Objective: Solve linear formulas for a given variable.

Solving formulas is much like solving general linear equations. The only difference is we will have several variables in the problem, and we will be attempting to solve for one specific variable. For example, we may have a formula such as \(A = \pi r^2 + \pi rs\) (formula for surface area of a right circular cone) and we may be interested in solving for the variable s. This means we want to isolate the s so the equation has s on one side, and everything else on the other. So a solution might look like\(s = \frac{A - \pi r^2}{ \pi s}\text{.}\) This second equation gives the same information as the first, they are algebraically equivalent, however, one is solved for the area, while the other is solved for s (slant height of the cone). In this section we will discuss how we can move from the first equation to the second.

When solving formulas for a variable we need to focus on the one variable we are trying to solve for, all the others are treated just like numbers. This is shown in the following example. Two parallel problems are shown, the first is a normal one-step equation, the second is a formula that we are solving for \(x\text{.}\)

Example 1.5.1.

\begin{align*} 3x \amp = 12 \amp \quad wx \amp = z \amp \quad \amp \text{ In both problems, $x $ is multiplied by something } \\ \frac{3x}{3} \amp =\frac{12}{3} \amp \quad \frac{wx}{w} \amp =\frac{z}{w} \amp\quad \amp \text{ To isolate the $x $ we divide by $3$ or } w\\ x \amp = 4 \amp \quad x \amp =\frac{ z }{w} \amp \quad \amp \text{ Our Solution } \end{align*}

We use the same process to solve \(3x = 12 \) for \(x\) as we use to solve \(wx = z\) for \(x\text{.}\) Because we are solving for \(x\) we treat all the other variables the same way we would treat numbers. Thus, to get rid of the multiplication we divided by \(w\text{.}\) This same idea is seen in the following example.

Example 1.5.2.

\begin{align*} m + n = p \amp \quad \text{ Solving for $n$, treat all other variables like numbers } \\ -m-m \amp\quad \text{ Subtract m from both sides } \\ n = p -m \amp\quad \text{ Our Solution } \end{align*}

As \(p \) and \(m\) are not like terms, they cannot be combined.
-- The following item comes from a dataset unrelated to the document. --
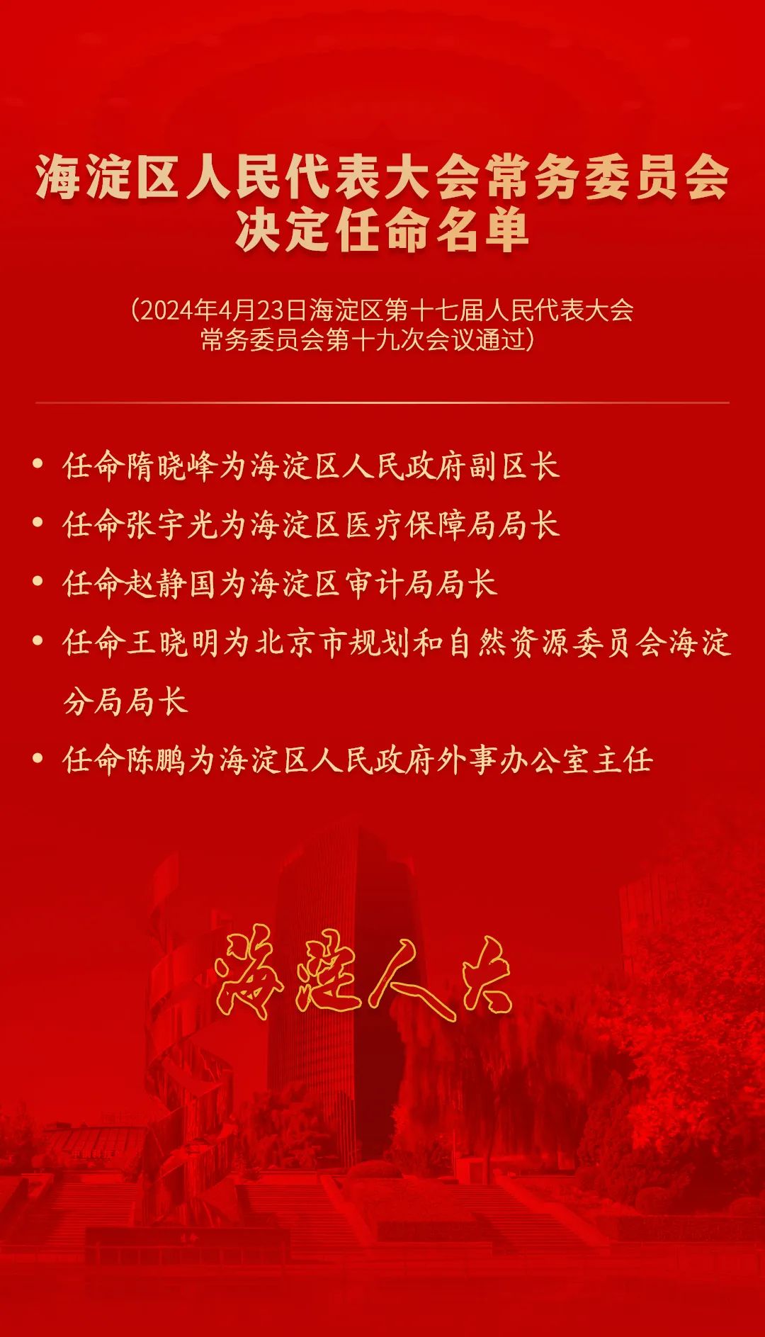 4月23日上午,海淀区第十七届人大常委会第十九次会议决定,任命隋晓峰为海淀区人民政府副区长。区人大常委会主任刘长利主持会议。

For this reason, we leave the expression as \(p - m\text{.}\) This same one-step process can be used with grouping symbols.

Example 1.5.3.

\begin{align*} a(x - y) = b \amp \quad \text{ Solving for $a$, treat $(x - y)$ like a number } \\ \frac{a(x - y) }{(x -y)}=\frac{b}{ (x - y)} \amp\quad \text{ Divide both sides by } (x-y) \\ a =\frac{b}{ x – y} \amp\quad \text{ Our Solution } \end{align*}

Because \((x - y) \) is in parenthesis, if we are not searching for what is inside the parenthesis, we can keep them together as a group and divide by that group. However, if we are searching for what is inside the parenthesis, we will have to break up the parenthesis by distributing. The following example is the same formula, but this time we will solve for \(x\text{.}\)

Example 1.5.4.

\begin{align*} a(x - y) = b \amp \quad \text{ Solving for $x$, we need to distribute to clear parenthesis } \\ ax - ay = b \amp\quad \text{ This is a two - step equation, $ay$ is subtracted from our x term } \\ + ay + ay \amp\quad \text{ Add $ay$ to both sides } \\ ax = b + ay \amp \quad \text{ The $x $ is multiplied by } a \\ \frac{ax}{a}=\frac{b+ay}{a} \amp\quad \text{ Divide both sides by } a \\ x = \frac{b + ay}{ a} \amp\quad \text{ Our Solution } \end{align*}

Be very careful as we isolate x that we do not try and cancel the \(a\) on top and bottom of the fraction. This is not allowed if there is any adding or subtracting in the fraction. There is no reducing possible in this problem, so our final reduced answer remains \(x =\frac{ b + ay}{ a}\text{.}\) The next example is another two-step problem.

Example 1.5.5.

\begin{align*} y = mx + b \amp \quad \text{ Solving for $ m$, focus on addition first } \\ -b\qquad -b \amp\quad \text{ Subtract $ b$ from both sides } \\ y - b = mx \amp\quad \text{ Notice that $ m$ is multiplied by $ x$. } \\ \frac{y-b}{x}=\frac{mx}{x} \amp \quad \text{ Divide both sides by } x\\ \frac {y - b}{ x} = m \amp\quad \text{ Our Solution } \end{align*}

It is important to note that we know we are done with the problem when the variable we are solving for is isolated or alone on one side of the equation and it does not appear anywhere on the other side of the equation.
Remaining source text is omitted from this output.